= WHAT IS REQUIRED =
Restate all the data word for word and omit the pictures.

= SOURCE MATERIAL =
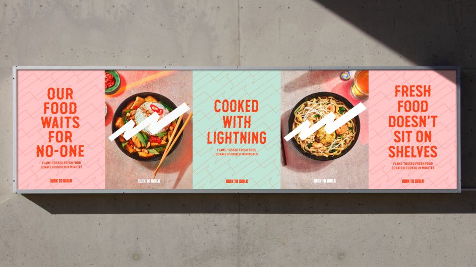 Roly Grant from Without adds, "Wok to Walk is special – fast food that's fresh from the flame, not sat in packaging all day. Lightning fast and full of attitude, it deserved a bold mark, energetic imagery and a new pride in the quality of what they create."
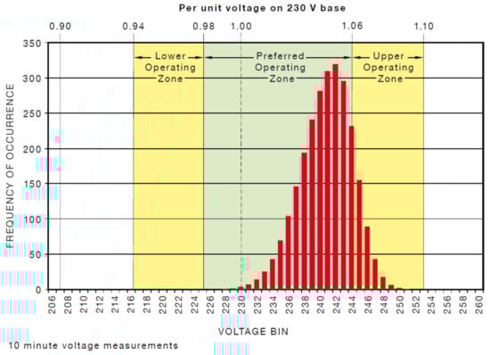 An example voltage distribution compared with lower, preferred and upper operating zones required by the Australian 230 V standard is shown in Figure 1. In contrast to the European adopted EN50160 that requires 230 V ±10% for 95% of time, in Australia the upper (+10%) and lower (−6%) of the 230 V standard is based on the 99th percentile. This means that voltages (over a 10 min average) can exceed the upper and lower limits only 1% of the time under normal network operation. In addition to these point-of-supply voltage standards, AS/NZS 3000 Wiring Rules allow for an additional 5% voltage drop to occur between the point of supply and the point of use within a customer’s premises. Exported energy from rooftop PVs is widely reported to cause voltage rise, particularly at times of high solar radiation and low load, due to the export of real power and the impedance of the system.
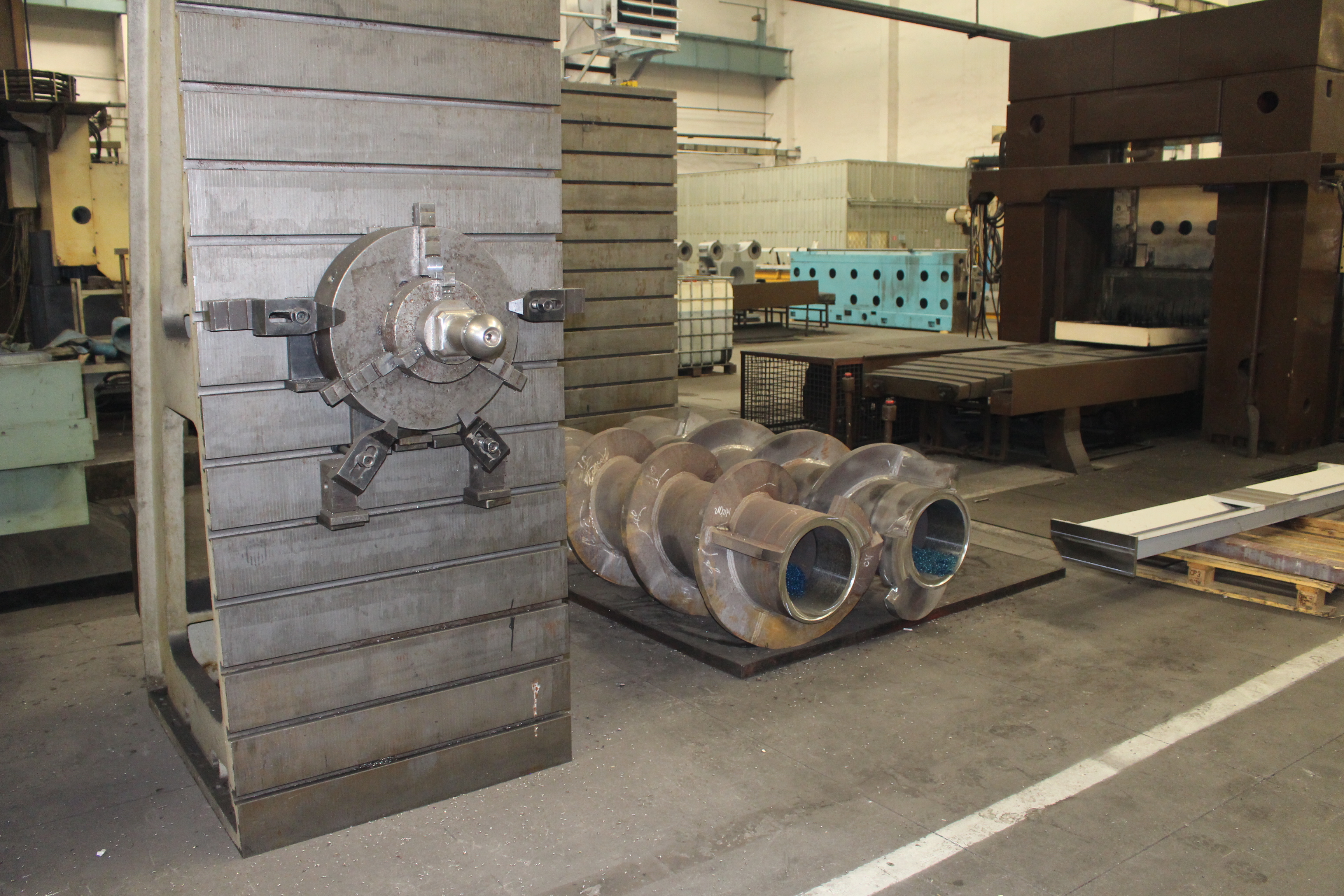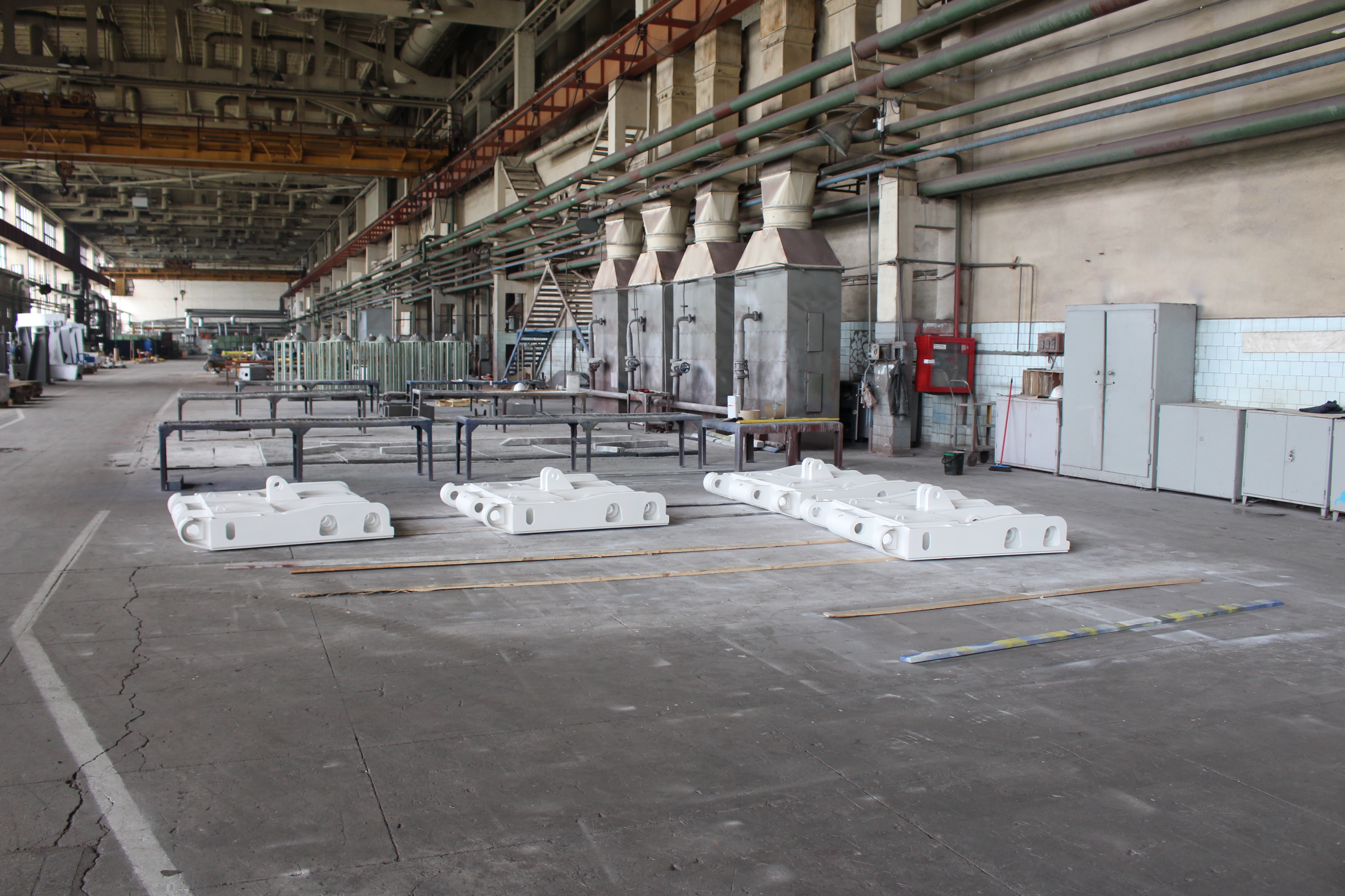 Плита отлитая в России на 700 тонную машину и элементы станин ждут очереди на мех обработку.

= TASK RESULT =
 Roly Grant from Without adds, "Wok to Walk is special – fast food that's fresh from the flame, not sat in packaging all day. Lightning fast and full of attitude, it deserved a bold mark, energetic imagery and a new pride in the quality of what they create."
 An example voltage distribution compared with lower, preferred and upper operating zones required by the Australian 230 V standard is shown in Figure 1. In contrast to the European adopted EN50160 that requires 230 V ±10% for 95% of time, in Australia the upper (+10%) and lower (−6%) of the 230 V standard is based on the 99th percentile. This means that voltages (over a 10 min average) can exceed the upper and lower limits only 1% of the time under normal network operation. In addition to these point-of-supply voltage standards, AS/NZS 3000 Wiring Rules allow for an additional 5% voltage drop to occur between the point of supply and the point of use within a customer’s premises. Exported energy from rooftop PVs is widely reported to cause voltage rise, particularly at times of high solar radiation and low load, due to the export of real power and the impedance of the system.
 Плита отлитая в России на 700 тонную машину и элементы станин ждут очереди на мех обработку.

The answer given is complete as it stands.